INSTRUCTIONS TO FOLLOW >> Copy out the data below from the line containing "- By spacing, there" to the line containing "An adorable fluffy", both lines included, with all images left out.

THE DATA >>
=====
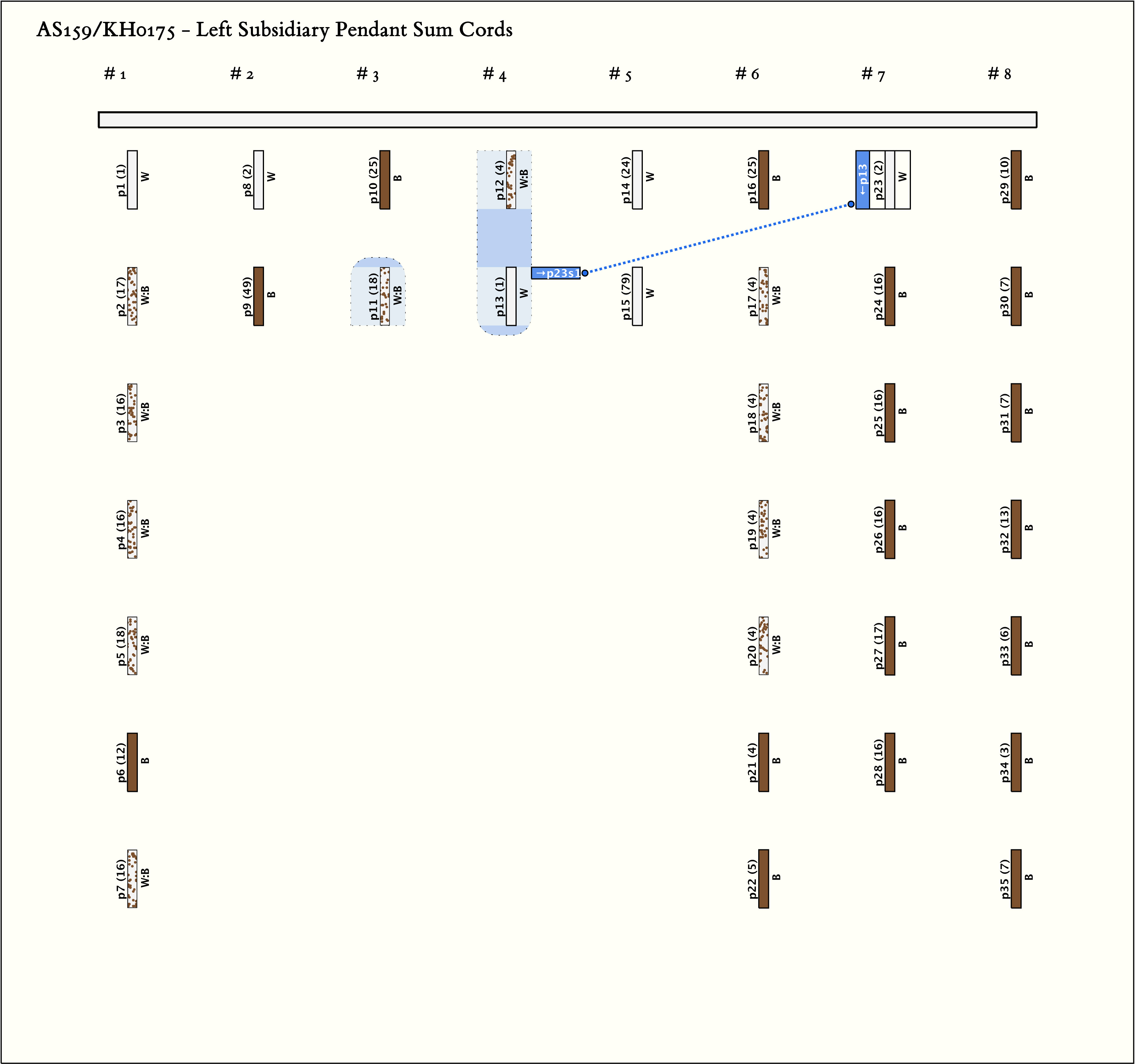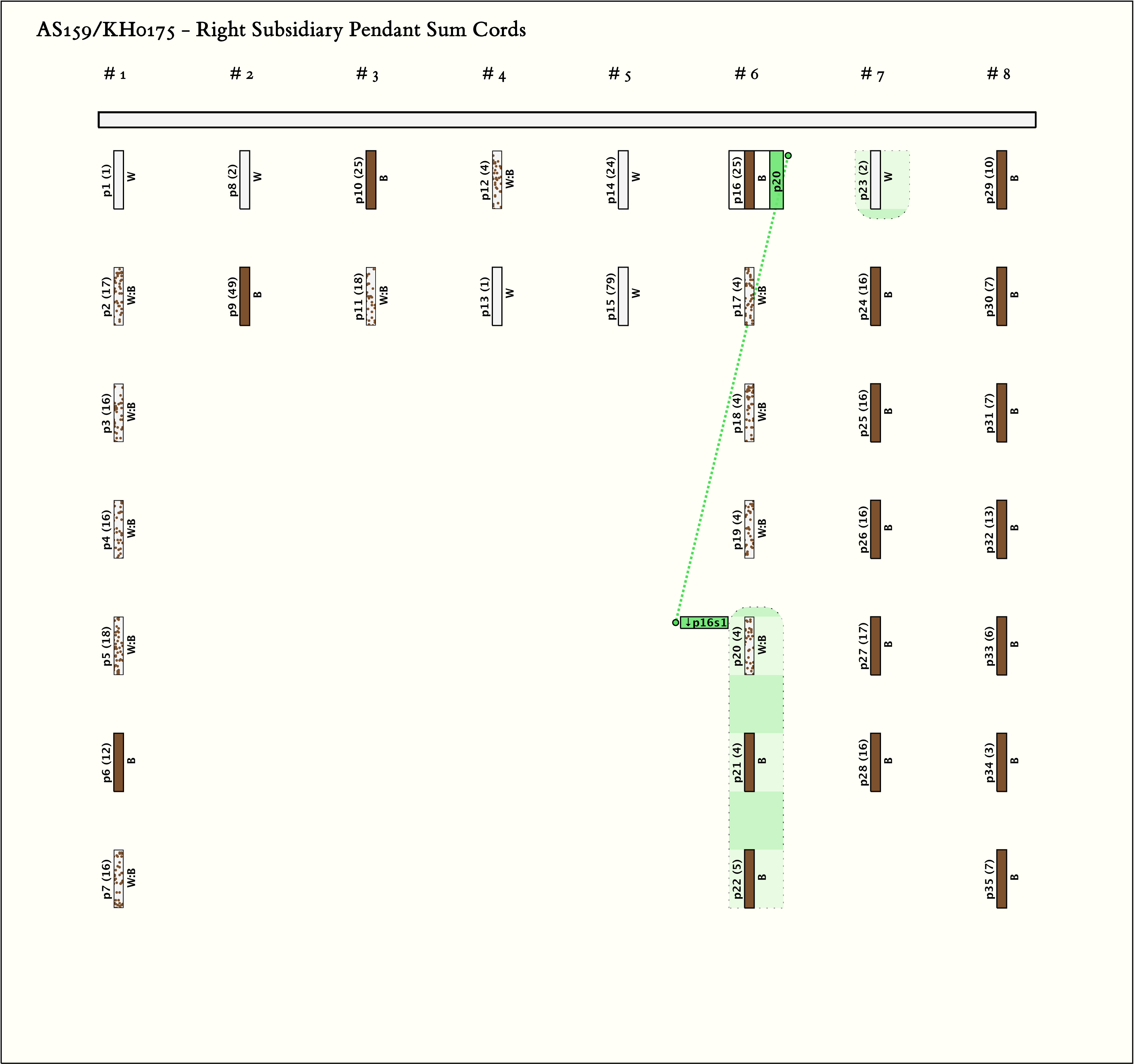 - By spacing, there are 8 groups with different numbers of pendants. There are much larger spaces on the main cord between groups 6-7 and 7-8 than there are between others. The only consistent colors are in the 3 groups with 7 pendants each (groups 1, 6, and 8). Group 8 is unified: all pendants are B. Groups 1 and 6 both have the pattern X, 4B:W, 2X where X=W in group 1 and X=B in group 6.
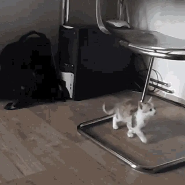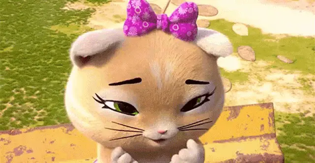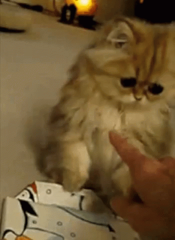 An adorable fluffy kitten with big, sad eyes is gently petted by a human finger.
=====
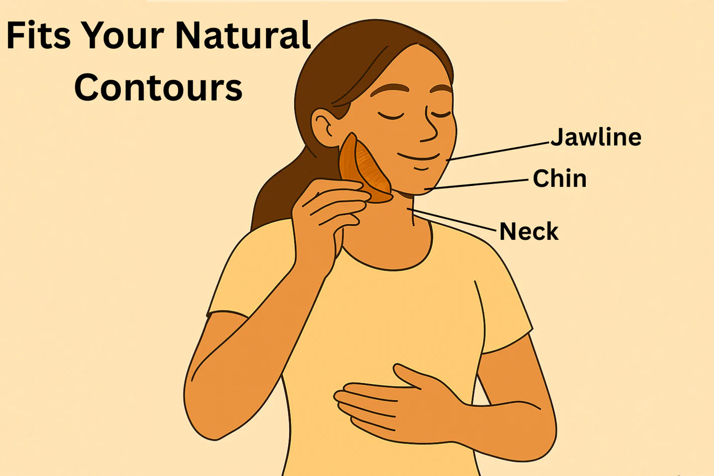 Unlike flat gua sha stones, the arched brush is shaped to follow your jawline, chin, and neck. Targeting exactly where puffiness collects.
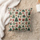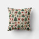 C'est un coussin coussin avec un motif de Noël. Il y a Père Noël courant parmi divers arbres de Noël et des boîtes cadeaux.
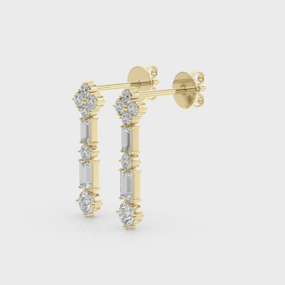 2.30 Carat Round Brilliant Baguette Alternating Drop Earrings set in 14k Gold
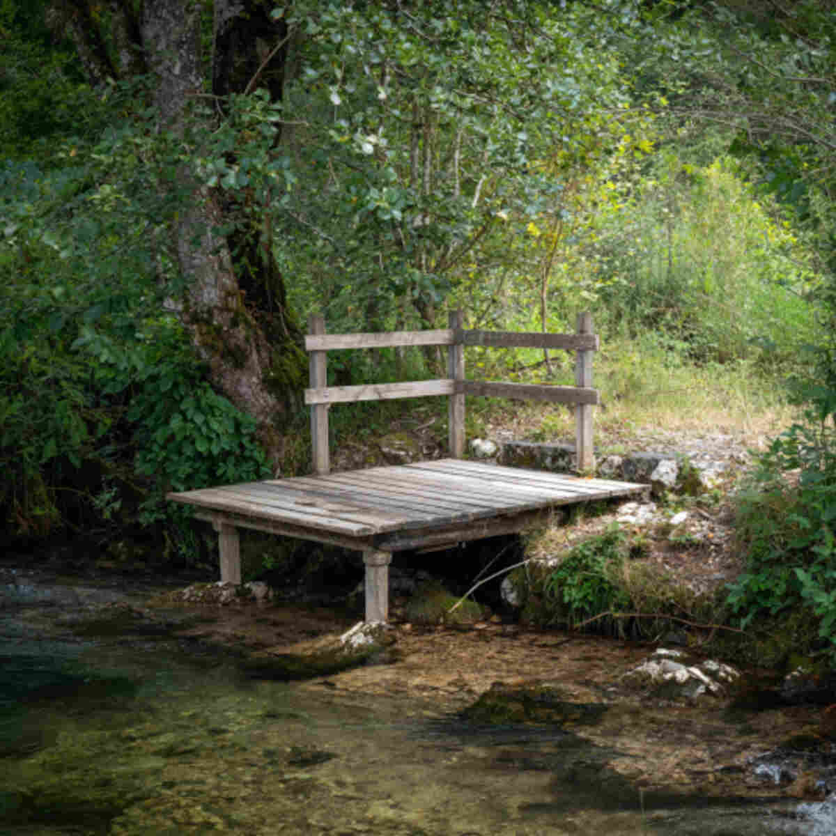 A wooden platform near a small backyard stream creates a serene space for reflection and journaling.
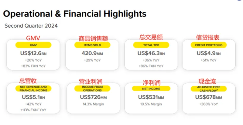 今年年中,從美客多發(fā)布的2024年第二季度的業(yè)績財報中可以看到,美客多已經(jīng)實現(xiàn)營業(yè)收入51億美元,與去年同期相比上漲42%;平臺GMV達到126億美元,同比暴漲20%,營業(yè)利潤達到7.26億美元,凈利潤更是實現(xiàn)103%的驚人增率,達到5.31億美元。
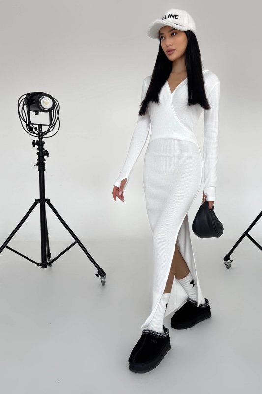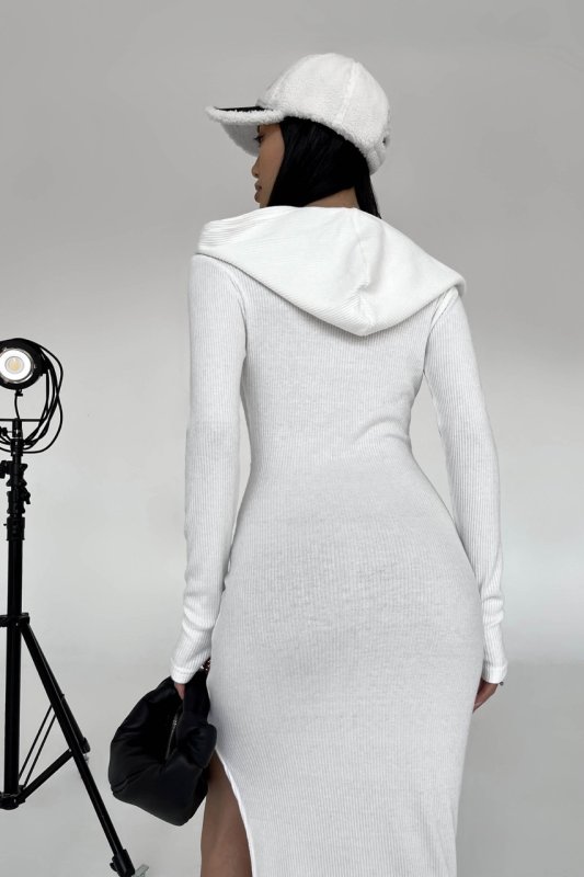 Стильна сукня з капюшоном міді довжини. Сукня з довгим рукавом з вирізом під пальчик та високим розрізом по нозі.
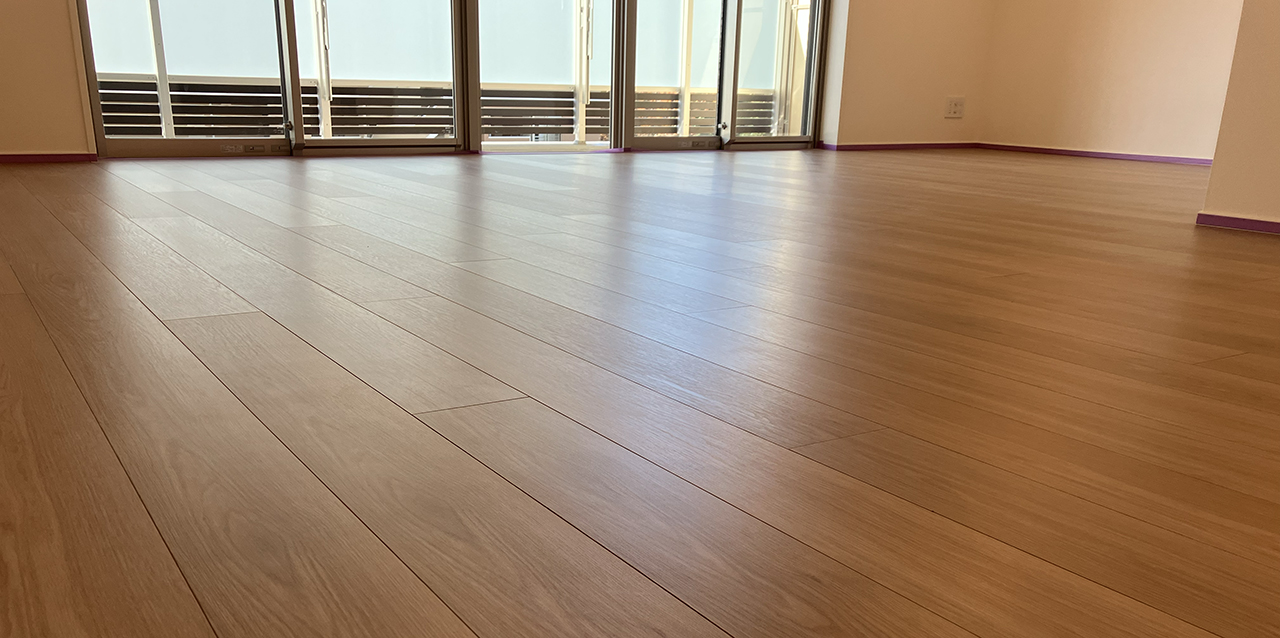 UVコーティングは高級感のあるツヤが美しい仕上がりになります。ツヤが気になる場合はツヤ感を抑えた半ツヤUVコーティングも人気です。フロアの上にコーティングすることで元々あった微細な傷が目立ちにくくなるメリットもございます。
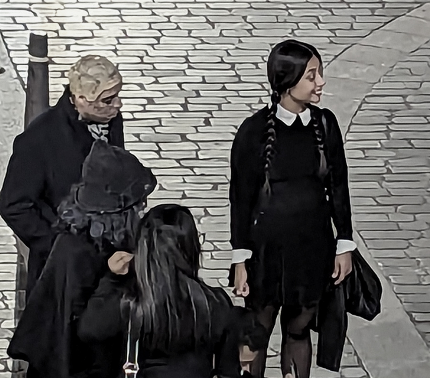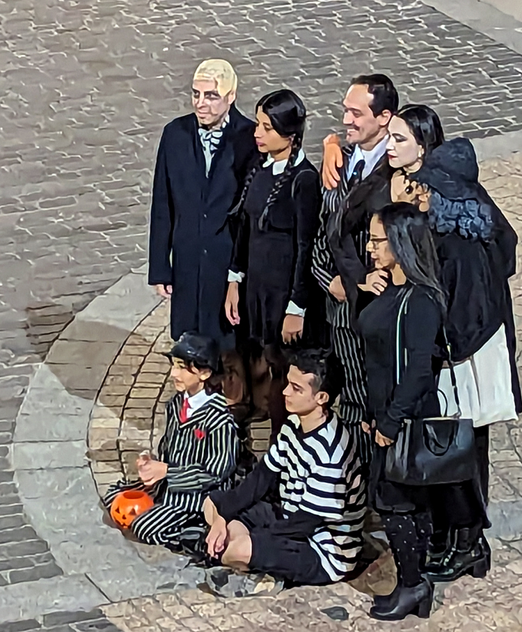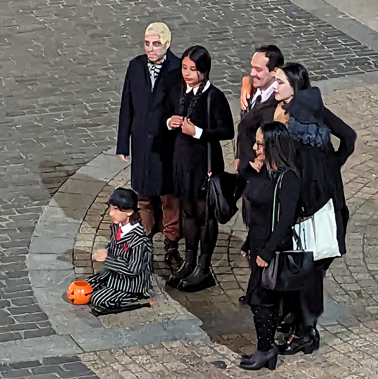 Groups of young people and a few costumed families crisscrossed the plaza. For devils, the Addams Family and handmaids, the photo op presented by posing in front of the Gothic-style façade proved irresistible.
=====
COMPLETED EXERCISE >>
 - By spacing, there are 8 groups with different numbers of pendants. There are much larger spaces on the main cord between groups 6-7 and 7-8 than there are between others. The only consistent colors are in the 3 groups with 7 pendants each (groups 1, 6, and 8). Group 8 is unified: all pendants are B. Groups 1 and 6 both have the pattern X, 4B:W, 2X where X=W in group 1 and X=B in group 6.
 An adorable fluffy kitten with big, sad eyes is gently petted by a human finger.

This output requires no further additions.